• Exercise aim
Output each record below exactly as it stands, leaving out the pictures.
** Opening Data block **
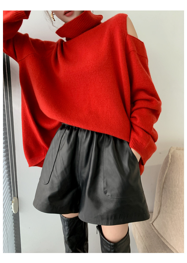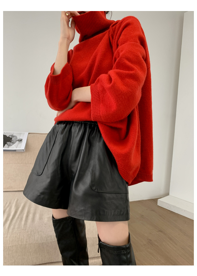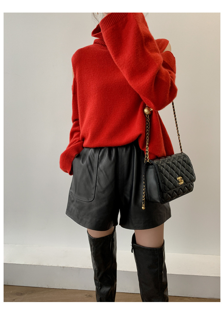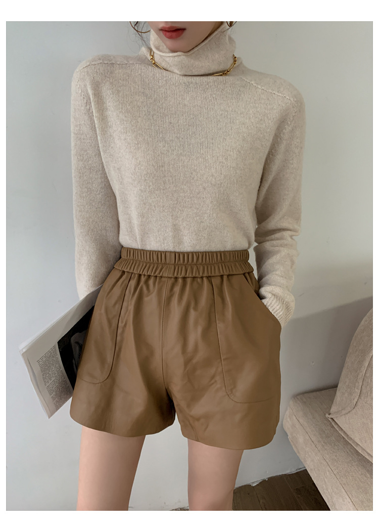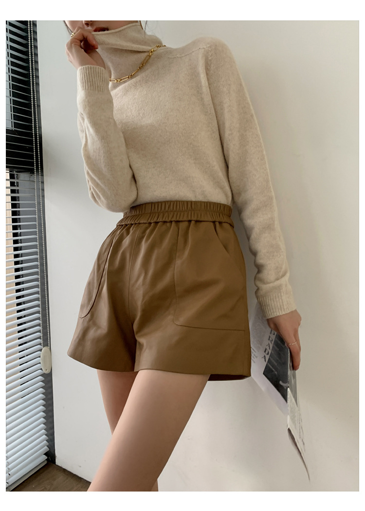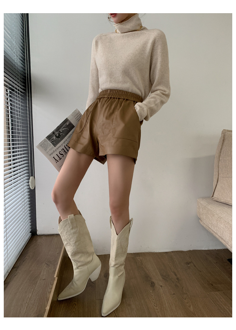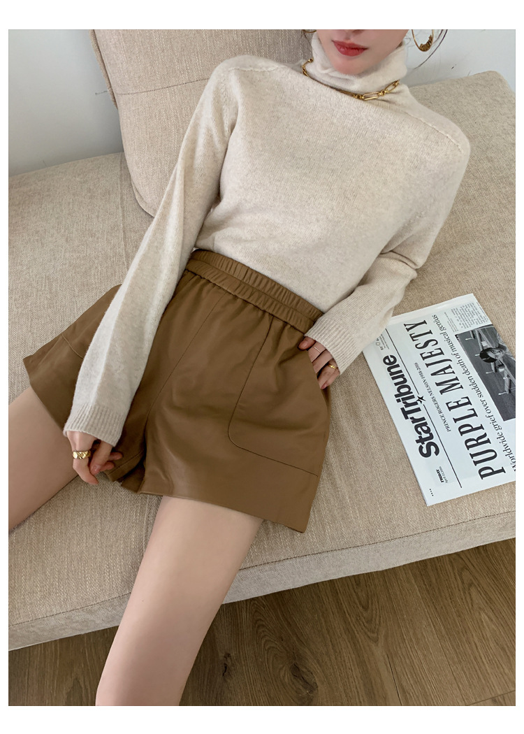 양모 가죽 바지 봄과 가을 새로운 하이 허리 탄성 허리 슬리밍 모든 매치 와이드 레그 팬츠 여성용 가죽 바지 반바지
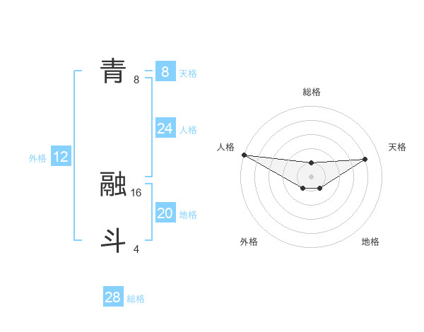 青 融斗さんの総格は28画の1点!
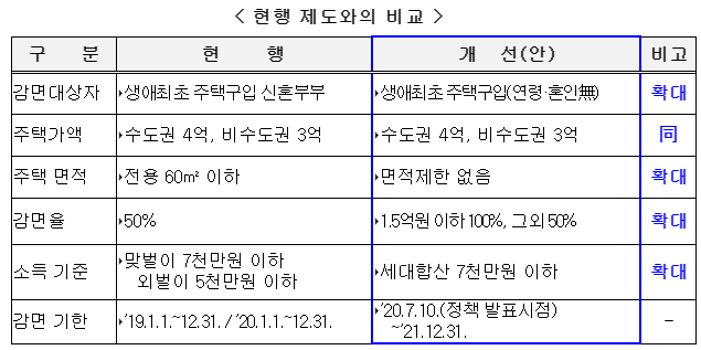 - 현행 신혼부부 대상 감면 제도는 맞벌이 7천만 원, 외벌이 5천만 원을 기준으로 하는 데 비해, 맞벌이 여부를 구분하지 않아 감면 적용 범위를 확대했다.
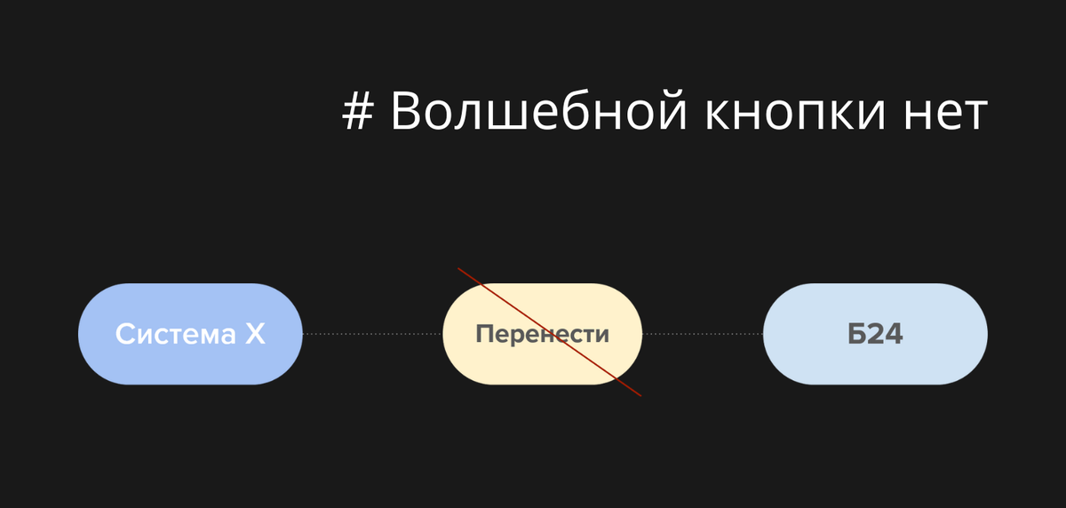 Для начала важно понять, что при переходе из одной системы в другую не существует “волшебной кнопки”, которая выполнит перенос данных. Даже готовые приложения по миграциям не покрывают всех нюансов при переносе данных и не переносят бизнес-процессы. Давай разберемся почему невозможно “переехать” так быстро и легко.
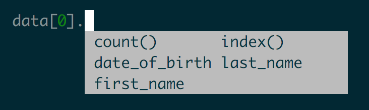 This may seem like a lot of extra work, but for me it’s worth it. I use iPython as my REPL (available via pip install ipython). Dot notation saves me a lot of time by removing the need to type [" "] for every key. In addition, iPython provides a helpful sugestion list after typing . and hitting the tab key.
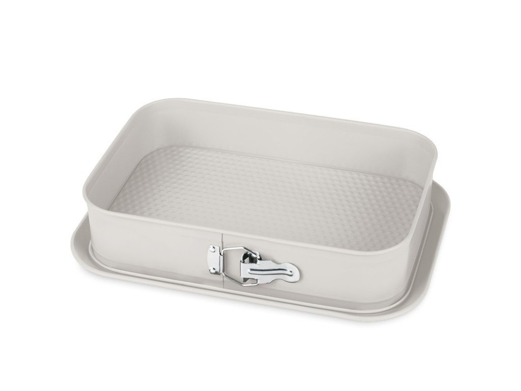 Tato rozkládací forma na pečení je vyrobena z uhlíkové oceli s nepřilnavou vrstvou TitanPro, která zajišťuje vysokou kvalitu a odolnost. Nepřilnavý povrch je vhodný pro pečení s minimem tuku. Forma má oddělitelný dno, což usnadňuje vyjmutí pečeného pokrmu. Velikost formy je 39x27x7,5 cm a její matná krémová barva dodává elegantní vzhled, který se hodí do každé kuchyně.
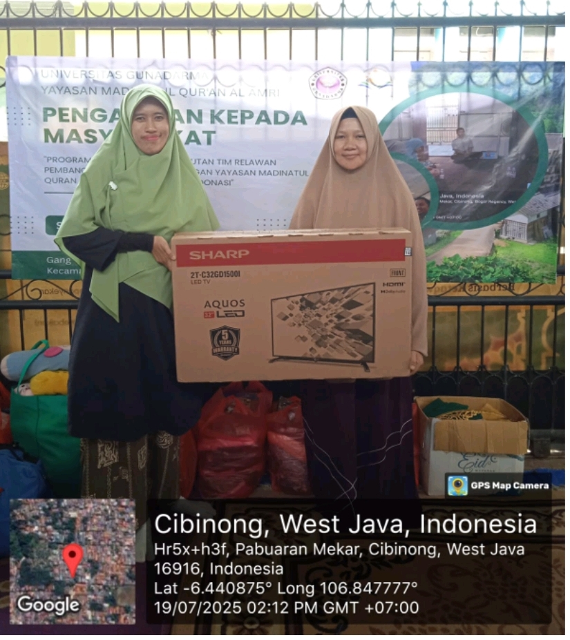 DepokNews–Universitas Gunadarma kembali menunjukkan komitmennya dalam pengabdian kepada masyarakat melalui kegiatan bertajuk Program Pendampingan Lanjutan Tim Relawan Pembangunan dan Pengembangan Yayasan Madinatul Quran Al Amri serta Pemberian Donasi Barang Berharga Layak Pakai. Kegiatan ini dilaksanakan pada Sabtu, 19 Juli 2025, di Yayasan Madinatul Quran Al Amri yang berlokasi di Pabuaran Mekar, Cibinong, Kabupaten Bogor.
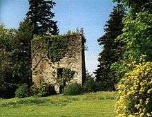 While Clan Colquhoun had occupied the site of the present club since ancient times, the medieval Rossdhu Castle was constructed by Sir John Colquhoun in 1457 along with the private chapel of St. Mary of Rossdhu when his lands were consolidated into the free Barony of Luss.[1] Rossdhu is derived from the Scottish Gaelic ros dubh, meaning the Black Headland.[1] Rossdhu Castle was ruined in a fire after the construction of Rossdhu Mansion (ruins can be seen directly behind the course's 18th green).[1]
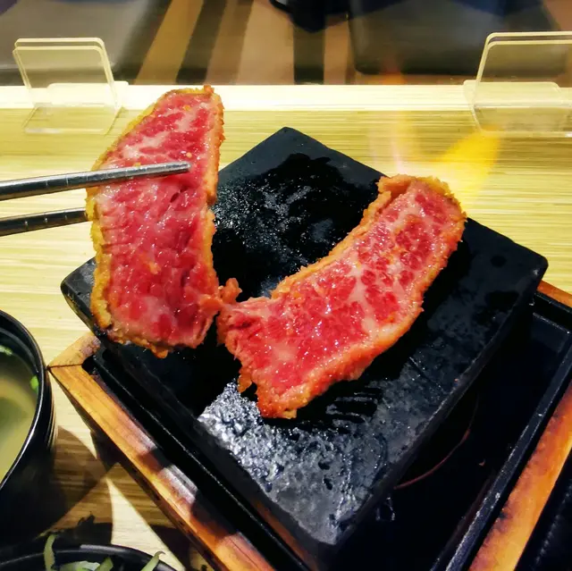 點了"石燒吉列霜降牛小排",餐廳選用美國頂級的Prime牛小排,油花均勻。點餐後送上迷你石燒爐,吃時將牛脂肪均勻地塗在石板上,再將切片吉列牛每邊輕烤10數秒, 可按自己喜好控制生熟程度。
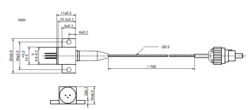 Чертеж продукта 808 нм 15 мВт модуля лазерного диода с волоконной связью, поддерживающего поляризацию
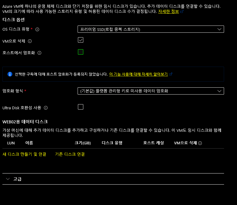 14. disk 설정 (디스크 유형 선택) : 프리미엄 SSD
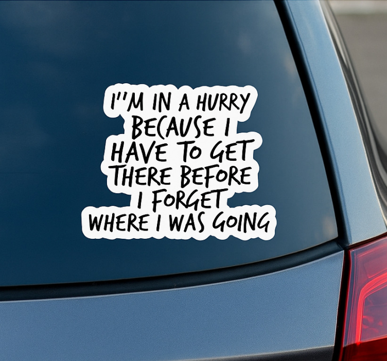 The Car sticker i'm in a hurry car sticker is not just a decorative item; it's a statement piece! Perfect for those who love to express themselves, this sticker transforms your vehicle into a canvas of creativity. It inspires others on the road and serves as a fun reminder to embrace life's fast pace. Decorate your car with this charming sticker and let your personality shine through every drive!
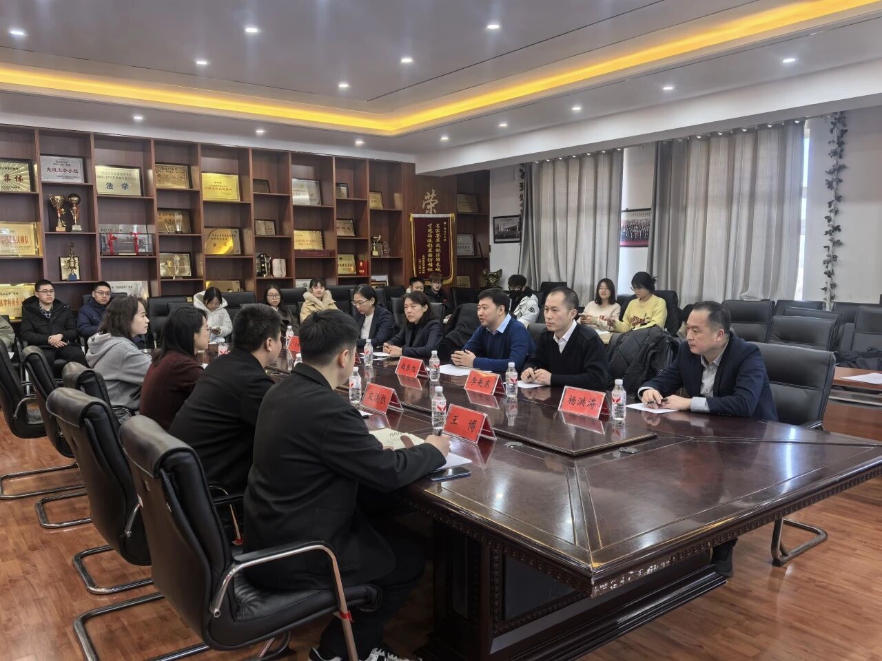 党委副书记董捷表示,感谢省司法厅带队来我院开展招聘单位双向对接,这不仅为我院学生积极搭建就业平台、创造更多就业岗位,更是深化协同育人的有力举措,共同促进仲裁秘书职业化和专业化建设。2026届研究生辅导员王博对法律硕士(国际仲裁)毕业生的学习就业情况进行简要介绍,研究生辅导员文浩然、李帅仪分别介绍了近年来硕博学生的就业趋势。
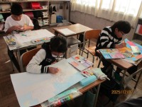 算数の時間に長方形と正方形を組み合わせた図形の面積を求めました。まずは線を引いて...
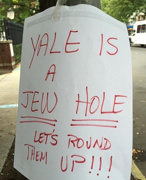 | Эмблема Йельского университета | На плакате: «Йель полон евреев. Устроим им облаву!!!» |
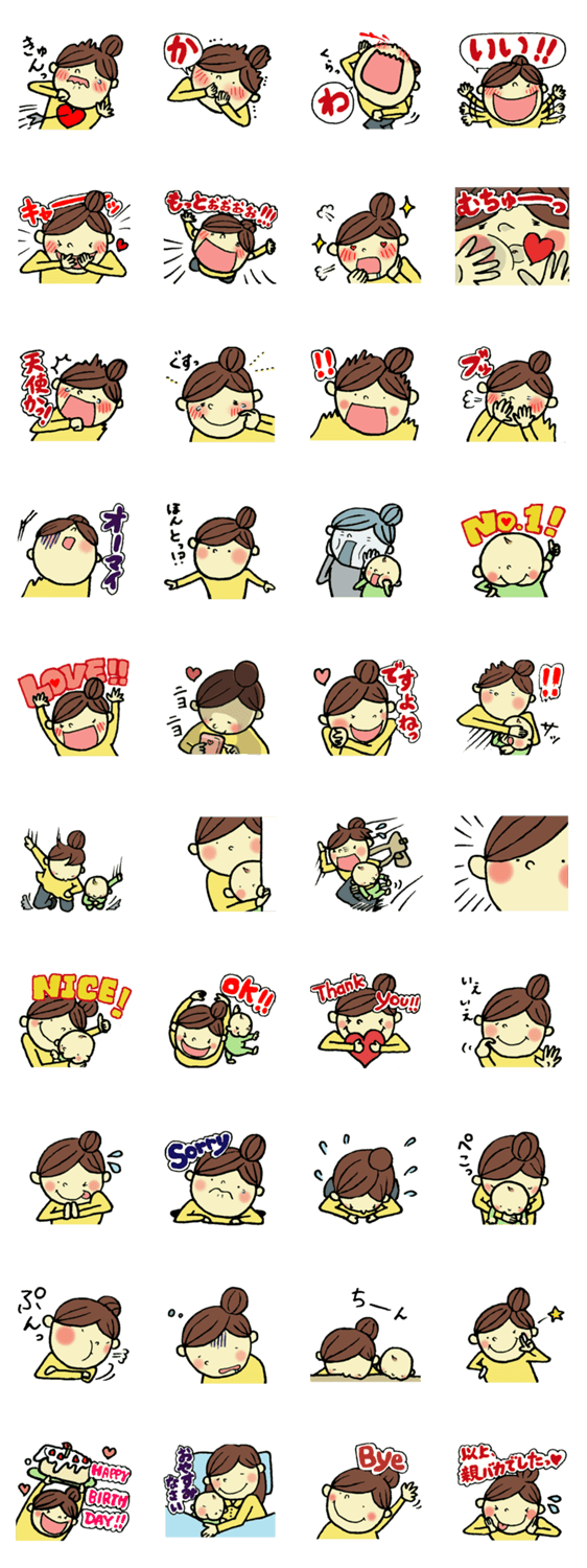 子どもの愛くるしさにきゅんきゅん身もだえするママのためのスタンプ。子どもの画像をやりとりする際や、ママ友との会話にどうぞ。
** Closing Data block **
• Task output
 양모 가죽 바지 봄과 가을 새로운 하이 허리 탄성 허리 슬리밍 모든 매치 와이드 레그 팬츠 여성용 가죽 바지 반바지
 青 融斗さんの総格は28画の1点!
 - 현행 신혼부부 대상 감면 제도는 맞벌이 7천만 원, 외벌이 5천만 원을 기준으로 하는 데 비해, 맞벌이 여부를 구분하지 않아 감면 적용 범위를 확대했다.
 Для начала важно понять, что при переходе из одной системы в другую не существует “волшебной кнопки”, которая выполнит перенос данных. Даже готовые приложения по миграциям не покрывают всех нюансов при переносе данных и не переносят бизнес-процессы. Давай разберемся почему невозможно “переехать” так быстро и легко.
 This may seem like a lot of extra work, but for me it’s worth it. I use iPython as my REPL (available via pip install ipython). Dot notation saves me a lot of time by removing the need to type [" "] for every key. In addition, iPython provides a helpful sugestion list after typing . and hitting the tab key.
 Tato rozkládací forma na pečení je vyrobena z uhlíkové oceli s nepřilnavou vrstvou TitanPro, která zajišťuje vysokou kvalitu a odolnost. Nepřilnavý povrch je vhodný pro pečení s minimem tuku. Forma má oddělitelný dno, což usnadňuje vyjmutí pečeného pokrmu. Velikost formy je 39x27x7,5 cm a její matná krémová barva dodává elegantní vzhled, který se hodí do každé kuchyně.
 DepokNews–Universitas Gunadarma kembali menunjukkan komitmennya dalam pengabdian kepada masyarakat melalui kegiatan bertajuk Program Pendampingan Lanjutan Tim Relawan Pembangunan dan Pengembangan Yayasan Madinatul Quran Al Amri serta Pemberian Donasi Barang Berharga Layak Pakai. Kegiatan ini dilaksanakan pada Sabtu, 19 Juli 2025, di Yayasan Madinatul Quran Al Amri yang berlokasi di Pabuaran Mekar, Cibinong, Kabupaten Bogor.
 While Clan Colquhoun had occupied the site of the present club since ancient times, the medieval Rossdhu Castle was constructed by Sir John Colquhoun in 1457 along with the private chapel of St. Mary of Rossdhu when his lands were consolidated into the free Barony of Luss.[1] Rossdhu is derived from the Scottish Gaelic ros dubh, meaning the Black Headland.[1] Rossdhu Castle was ruined in a fire after the construction of Rossdhu Mansion (ruins can be seen directly behind the course's 18th green).[1]
 點了"石燒吉列霜降牛小排",餐廳選用美國頂級的Prime牛小排,油花均勻。點餐後送上迷你石燒爐,吃時將牛脂肪均勻地塗在石板上,再將切片吉列牛每邊輕烤10數秒, 可按自己喜好控制生熟程度。
 Чертеж продукта 808 нм 15 мВт модуля лазерного диода с волоконной связью, поддерживающего поляризацию
 14. disk 설정 (디스크 유형 선택) : 프리미엄 SSD
 The Car sticker i'm in a hurry car sticker is not just a decorative item; it's a statement piece! Perfect for those who love to express themselves, this sticker transforms your vehicle into a canvas of creativity. It inspires others on the road and serves as a fun reminder to embrace life's fast pace. Decorate your car with this charming sticker and let your personality shine through every drive!
 党委副书记董捷表示,感谢省司法厅带队来我院开展招聘单位双向对接,这不仅为我院学生积极搭建就业平台、创造更多就业岗位,更是深化协同育人的有力举措,共同促进仲裁秘书职业化和专业化建设。2026届研究生辅导员王博对法律硕士(国际仲裁)毕业生的学习就业情况进行简要介绍,研究生辅导员文浩然、李帅仪分别介绍了近年来硕博学生的就业趋势。
 算数の時間に長方形と正方形を組み合わせた図形の面積を求めました。まずは線を引いて...
 | Эмблема Йельского университета | На плакате: «Йель полон евреев. Устроим им облаву!!!» |
 子どもの愛くるしさにきゅんきゅん身もだえするママのためのスタンプ。子どもの画像をやりとりする際や、ママ友との会話にどうぞ。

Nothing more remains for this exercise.